Ahead of the vote, Proactive sifts through all the referendum chatter and looks at the big questions in the world of business hanging over Brexit.
Brexit boxing gloves
Today is the last day of campaigning ahead of tomorrow's vote.

Britain, the third largest economy in Europe and the fifth largest in the world, is facing its biggest test of identity on Thursday, as UK citizens decide on whether or not to remain part of the Europe Union.

Both sides have been relentless in their rally of how a vote to leave or to remain would affect the country, the economy, the consumer and business. 

Here at Proactive Investors, we've sifted through the noise and picked out some of the key concerns being discussed ahead of the vote.

Below are the ten things most talked about in regards to Brexit:

Manufacturing: The experts are divided

Gerard Lyons of Economists for Brexit, believes a Leave vote would be a good thing for the UK’s manufacturing industry.

“There is a reason why our internationally competitive manufacturing companies such as JCB and Dyson support Brexit. To survive and compete the UK has to expose itself to international competition and needs to focus on selling into the fast growing markets of the future,” wrote Lyons.

A weaker pound and lower rates are likely to follow Brexit, but Lyons believes this would be a good thing for manufacturing.

Outside of the EU, the industry would be free to compete internationally, which is only a good thing for an already world class manufacturing business.

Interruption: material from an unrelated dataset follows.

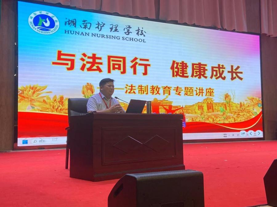 梁辉平强调在面对违法犯罪事件,同学们应依靠法律、依靠组织、依靠群众、依靠智慧,并寄语湘护学子应学法、知法、守法,做一个有敬畏之心、遵纪守法、讲文明、有素质的优秀中职学生。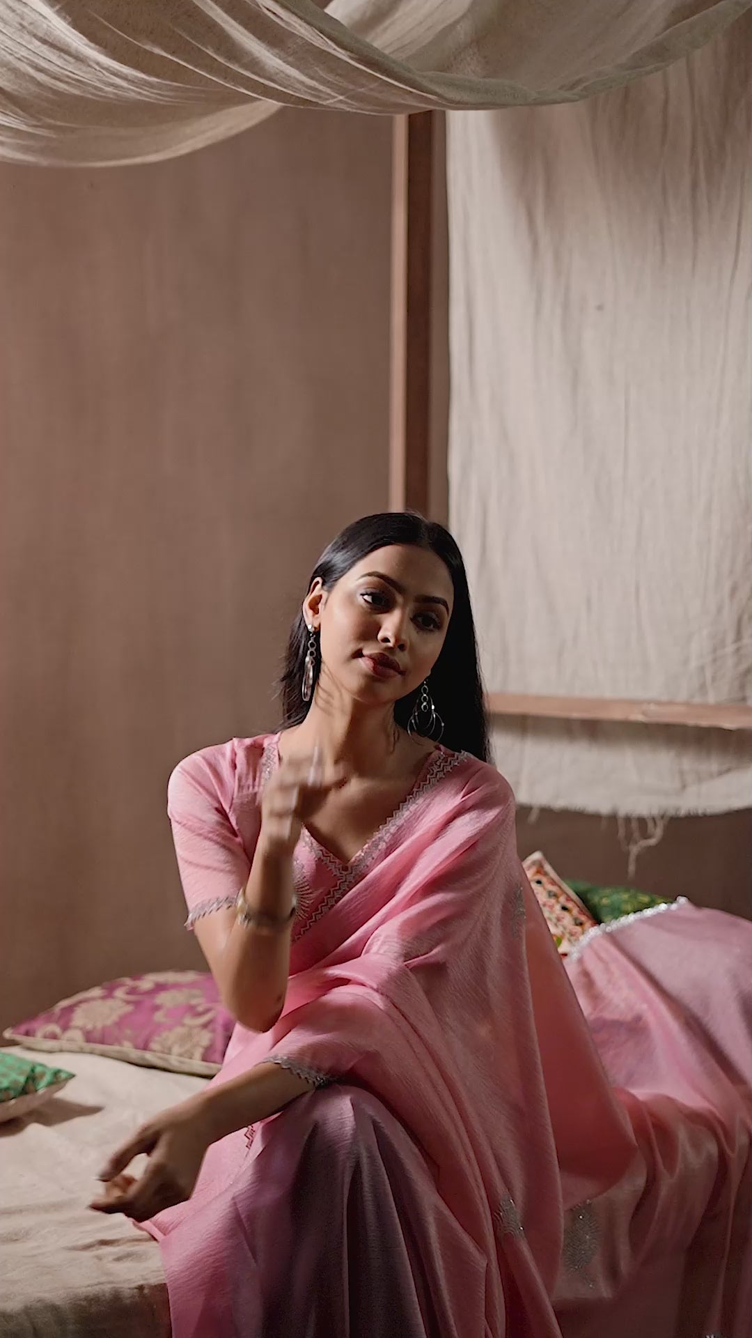Onion Pink Stone Work Embroidered Pure Silk Saree

Chief economic advisor Patrick Minford disagrees however, he stated that Brexit would “eliminate” UK manufacturing, which he said was more reliant than ever on European trade. His point was reiterated by London Mayor Sadiq Khan when addressing his pro-Brexit predecessor Boris Johnson earlier this week.

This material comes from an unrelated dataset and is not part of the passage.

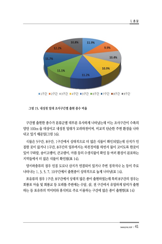 I. 총 괄 www.nie.re.kr ? 41 그림 15. 내성천 일대 조사구간별 출현 종수 비율 구간별 출현한 종수가 분류군별 대부분 유사하게 나타났는데 이는 조사구간이 수폭의 양안 100m 을 대상이고 내성천 일대가 모래하천이며, 비교적 단순한 주변 환경을 나타 내고 있기 때문임 그림 16 식물은 5구간, 8구간, 1구간에서 상대적으로 더 많은 식물이 확인되었는데 산지가 인 접한 곳이 많거나 1구간, 8구간의 일부에서는 하천정비를 하면서 물이 고이도록 한곳이 있어 구와말, 송이고랭이, 큰고랭이, 마름 등의 수생식물이 확인 등 여러 환경이 분포하는 지역들에서 더 많은 식물이 확인됨 표 14 양서파충류의 경우 인접 도로나 산지가 연결되어 있거나 주변 경작지나 논 등이 주로 나타나는 1, 3, 5, 7, 10...

Companies would find it harder to obtain bank loans, and they would face a slowing domestic market, if the UK chose Brexit, said the analyst.

“Brexit would lead to a more competitive exchange rate, but it likely would restrict manufacturers’ ability to export to the single market and to other countries which have trade deals with the EU,” began Samuel Tombs chief UK economist at Pantheon Macro.

Commodities: Chocolate and gas

A vote to leave, the pound is expected to plummet, providing a boost to commodities currently denominated by the sterling, making them cheaper in other countries.

Commodities, such as copper, oil and gold, are mostly priced in dollars.

But cocoa, the key component of chocolate, is still denominated in sterling. According to Max Goettler, a trader at Cocoanect in Rotterdam, a Brexit would cause a sharp rally in the London-traded cocoa contract.

UK natural gas is also expected to rally in the wake of a Brexit as prices would also increase, reckon traders. This rise could well reverberate through other gas markets closely linked to the UK contract, namely the Netherlands, with whom the UK shares a gas pipeline.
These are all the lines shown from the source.